Content starts
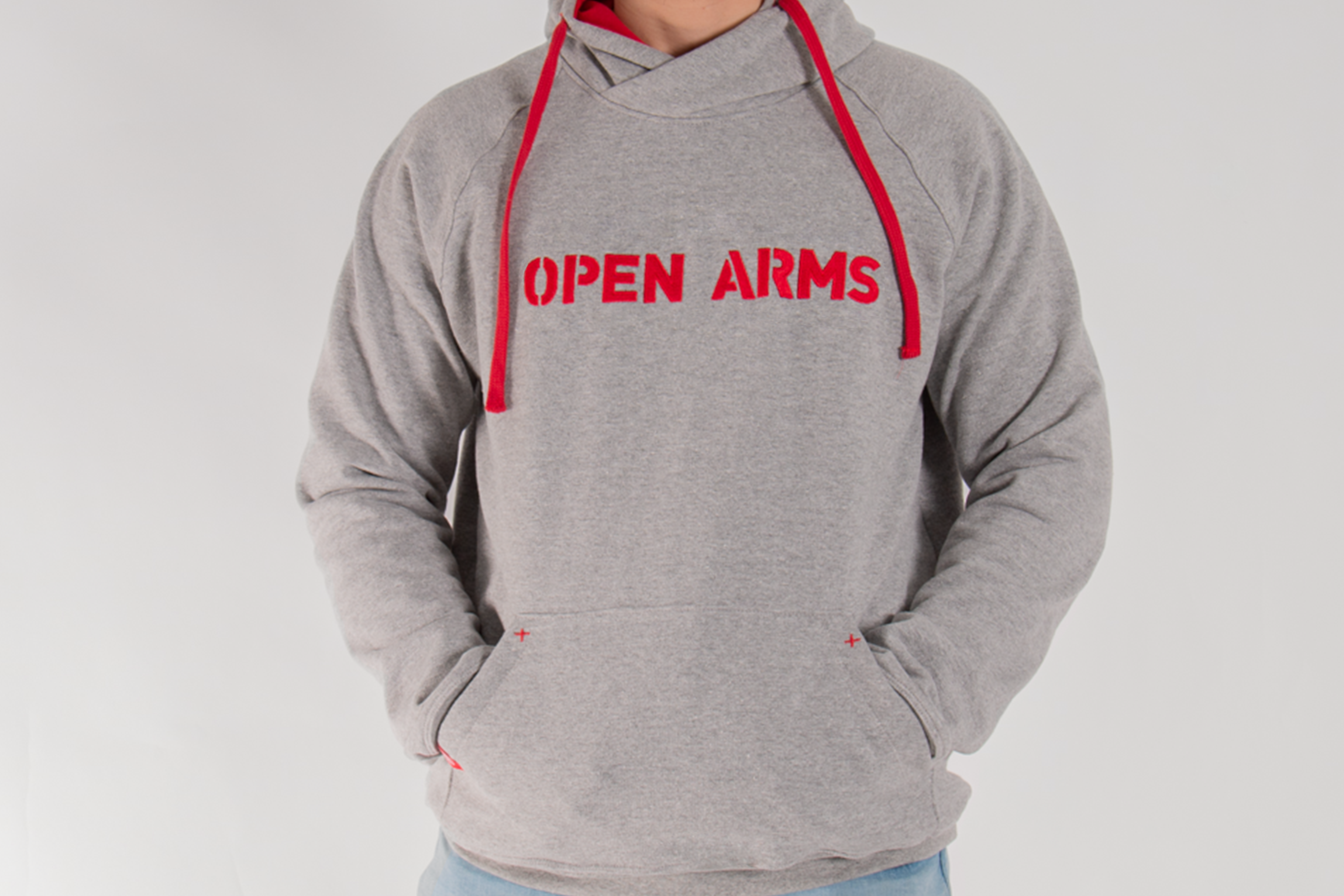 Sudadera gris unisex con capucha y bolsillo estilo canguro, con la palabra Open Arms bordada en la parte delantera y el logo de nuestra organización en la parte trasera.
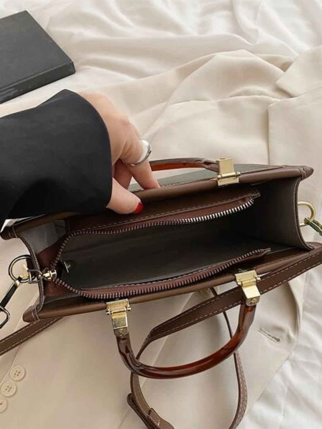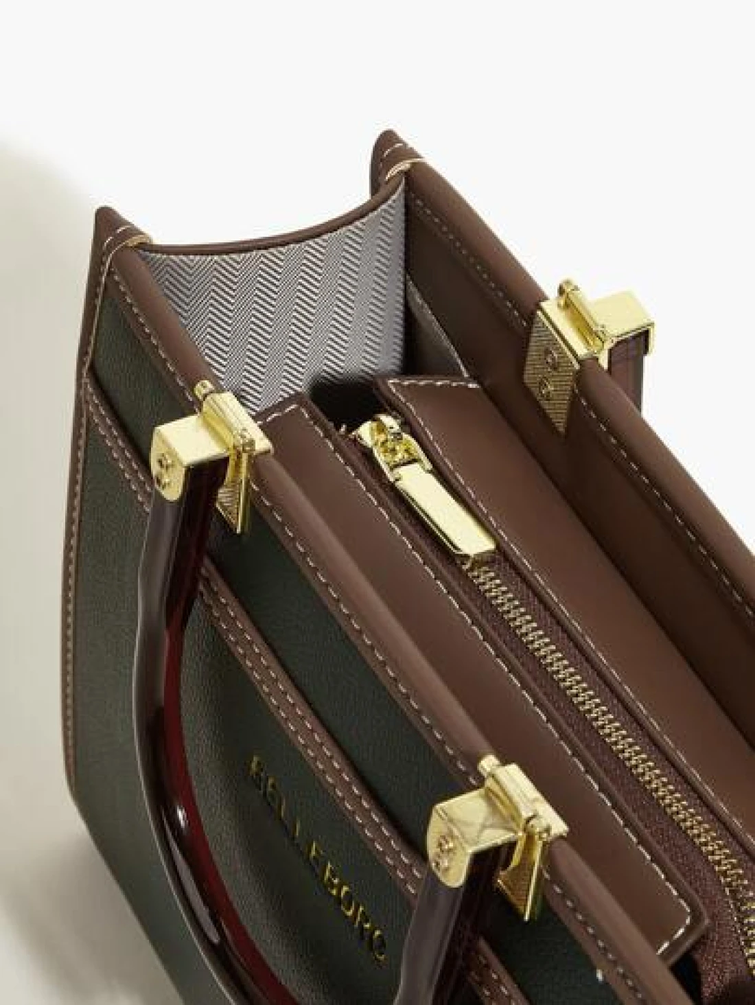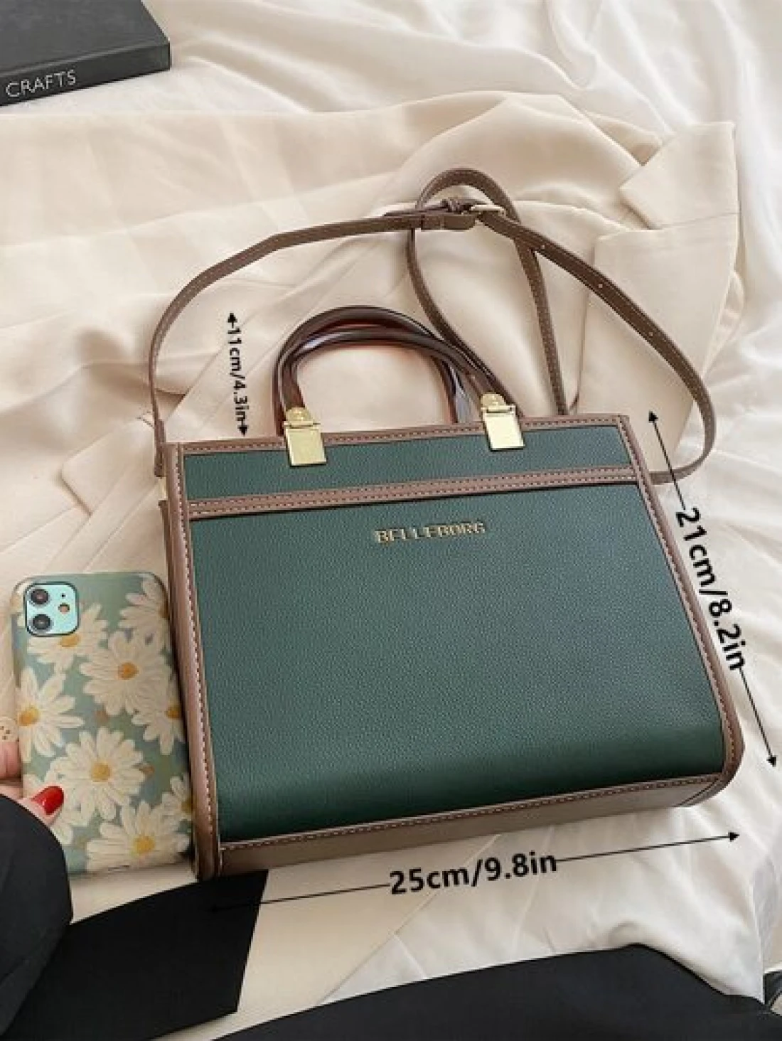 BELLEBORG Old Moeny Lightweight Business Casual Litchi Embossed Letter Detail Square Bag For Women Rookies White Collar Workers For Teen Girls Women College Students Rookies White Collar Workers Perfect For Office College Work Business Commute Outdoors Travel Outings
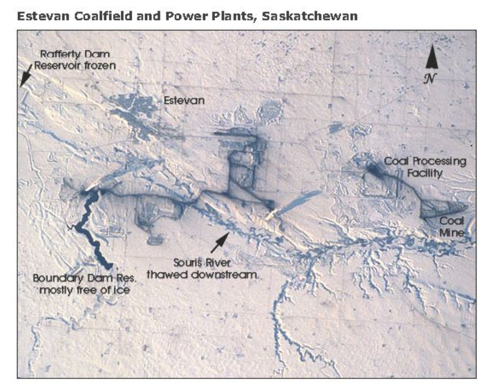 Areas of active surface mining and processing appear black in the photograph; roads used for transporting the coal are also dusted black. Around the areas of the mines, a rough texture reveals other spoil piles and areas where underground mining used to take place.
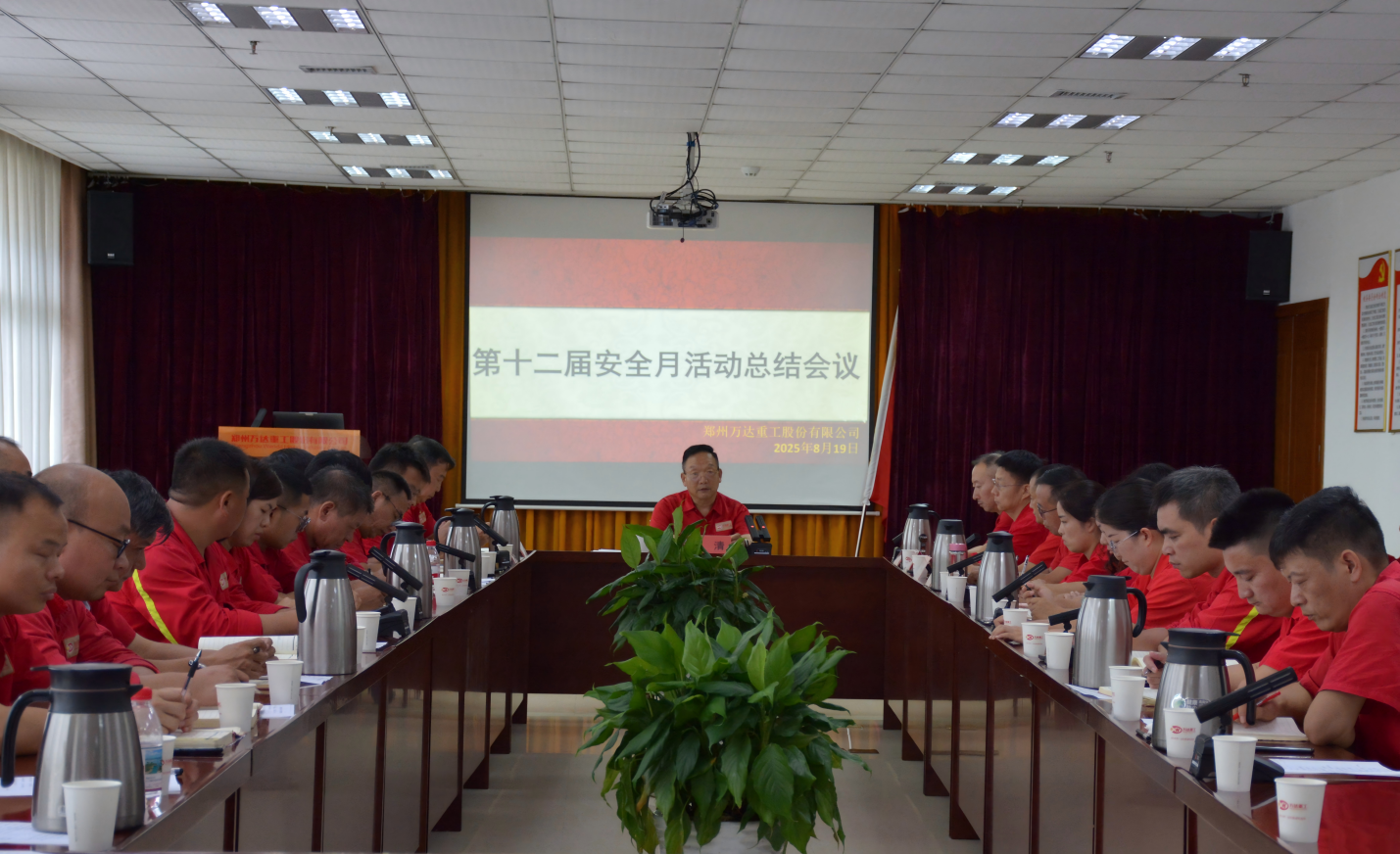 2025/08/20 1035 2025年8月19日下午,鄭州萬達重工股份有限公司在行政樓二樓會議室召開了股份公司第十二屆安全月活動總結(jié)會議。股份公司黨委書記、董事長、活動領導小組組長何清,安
Content ends
» Action item
The lines wanted run from the one with "Areas of active" through the final line of the data; repeat them word for word and skip every picture.

» Solved exercise
 Areas of active surface mining and processing appear black in the photograph; roads used for transporting the coal are also dusted black. Around the areas of the mines, a rough texture reveals other spoil piles and areas where underground mining used to take place.
 2025/08/20 1035 2025年8月19日下午,鄭州萬達重工股份有限公司在行政樓二樓會議室召開了股份公司第十二屆安全月活動總結(jié)會議。股份公司黨委書記、董事長、活動領導小組組長何清,安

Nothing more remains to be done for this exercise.